When you transcribe the entries below, keep the wording exact and omit the pictures.

--- The records ---

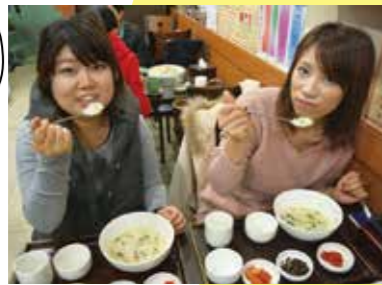
多味アワビのお粥 15,000W
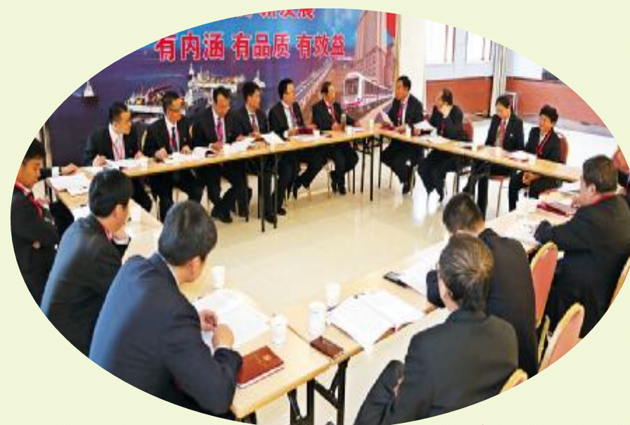
▲ 围绕两委工作报告及报告决议（草案），各代表组展开热烈讨论
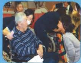
安塚放課後 児童クラブ様との交流会
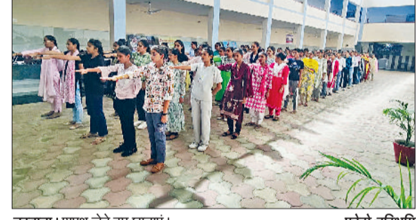
नरवाना। शपथ लेते हुए छात्राएं।

जीद। राजकीय कालेज में नशा मुक्त भारत अभियान (एनएमबीए) के अंतर्गत जागरूकता कार्यक्रम का आयोजन किया। कार्यक्रम कालेज के सभी स्टाफ सदस्यों, विद्यार्थियों, एनसीसी एवं एनएसएस इकाइयों की सक्रिय भागीदारी के साथ सफलतापूर्वक संपन्न हुआ। कार्यक्रम का शुभारंभ शायध राघव समारोह से हुआ। जिसमें उपस्थित सभी प्रतिभागियों ने नशा मुक्त समाज के निर्माण के लिए शपथ ली। इसके पश्चात नशा मुक्त जागरूकता रैली का आयोजन किया गया। जिसमें विद्यार्थियों ने नशा विरोधी संदेशों के साथ कालेज परिसर और आसपास के क्षेत्र में जन जागरूकता का संदेश फैलाया। प्राचार्य सरवजन ने प्रेरणादायक संबोधन में कहा कि नशा बुद्धि को विकृत करता है, भावनाओं को क्षीण करता है और विवेक को धीरे धीरे समाप्त कर देता है। युवाओं को समझना होगा कि थोड़े समय की उत्तेजन के लिए किया गया है समझौता, जीवनमर बुद्धिपूर्व संवेधाने और अंतर्विदेक से वंचित कर देता है।
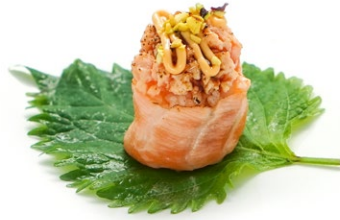
194. Gunkan sake cotto (2pz) Salmone cotto, salmone, salsa teriyaki e philadelphia .. 4.00 euro 🐟 🍷
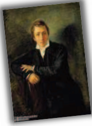
HEINRICH HEINE Ludwig Börne
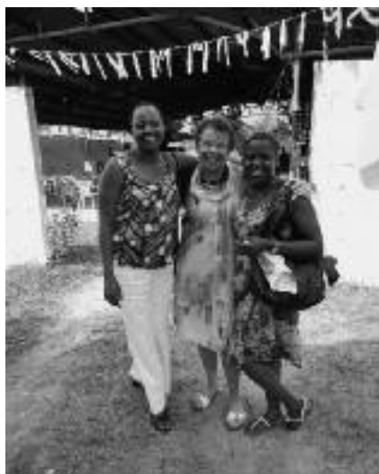
Ontmoetingen in de vrije uurtjes

De laatste avond was er feest. Heerlijk eten, iedereen, ook ik, zong het volkslied van z'n land en daarna waren er optredens van de verschillende scholen. Er werd uitbundig gedanst en gezongen zodat ik onwillekeurig moest denken aan de kleuters die dit alle-
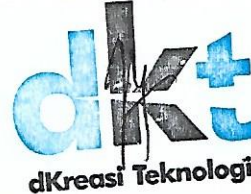
Theodorus Halsey Ikhsan
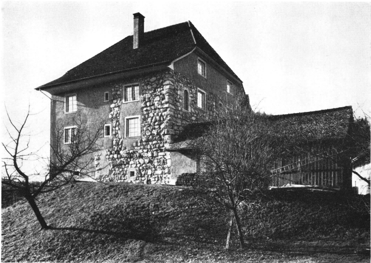
Pfarrhaus Schlatt bei Rätterschen

---

:: Answer area ::
多味アワビのお粥 15,000W
▲ 围绕两委工作报告及报告决议（草案），各代表组展开热烈讨论
安塚放課後 児童クラブ様との交流会
नरवाना। शपथ लेते हुए छात्राएं।

जीद। राजकीय कालेज में नशा मुक्त भारत अभियान (एनएमबीए) के अंतर्गत जागरूकता कार्यक्रम का आयोजन किया। कार्यक्रम कालेज के सभी स्टाफ सदस्यों, विद्यार्थियों, एनसीसी एवं एनएसएस इकाइयों की सक्रिय भागीदारी के साथ सफलतापूर्वक संपन्न हुआ। कार्यक्रम का शुभारंभ शायध राघव समारोह से हुआ। जिसमें उपस्थित सभी प्रतिभागियों ने नशा मुक्त समाज के निर्माण के लिए शपथ ली। इसके पश्चात नशा मुक्त जागरूकता रैली का आयोजन किया गया। जिसमें विद्यार्थियों ने नशा विरोधी संदेशों के साथ कालेज परिसर और आसपास के क्षेत्र में जन जागरूकता का संदेश फैलाया। प्राचार्य सरवजन ने प्रेरणादायक संबोधन में कहा कि नशा बुद्धि को विकृत करता है, भावनाओं को क्षीण करता है और विवेक को धीरे धीरे समाप्त कर देता है। युवाओं को समझना होगा कि थोड़े समय की उत्तेजन के लिए किया गया है समझौता, जीवनमर बुद्धिपूर्व संवेधाने और अंतर्विदेक से वंचित कर देता है।
194. Gunkan sake cotto (2pz) Salmone cotto, salmone, salsa teriyaki e philadelphia .. 4.00 euro 🐟 🍷
HEINRICH HEINE Ludwig Börne
Ontmoetingen in de vrije uurtjes

De laatste avond was er feest. Heerlijk eten, iedereen, ook ik, zong het volkslied van z'n land en daarna waren er optredens van de verschillende scholen. Er werd uitbundig gedanst en gezongen zodat ik onwillekeurig moest denken aan de kleuters die dit alle-
Theodorus Halsey Ikhsan
Pfarrhaus Schlatt bei Rätterschen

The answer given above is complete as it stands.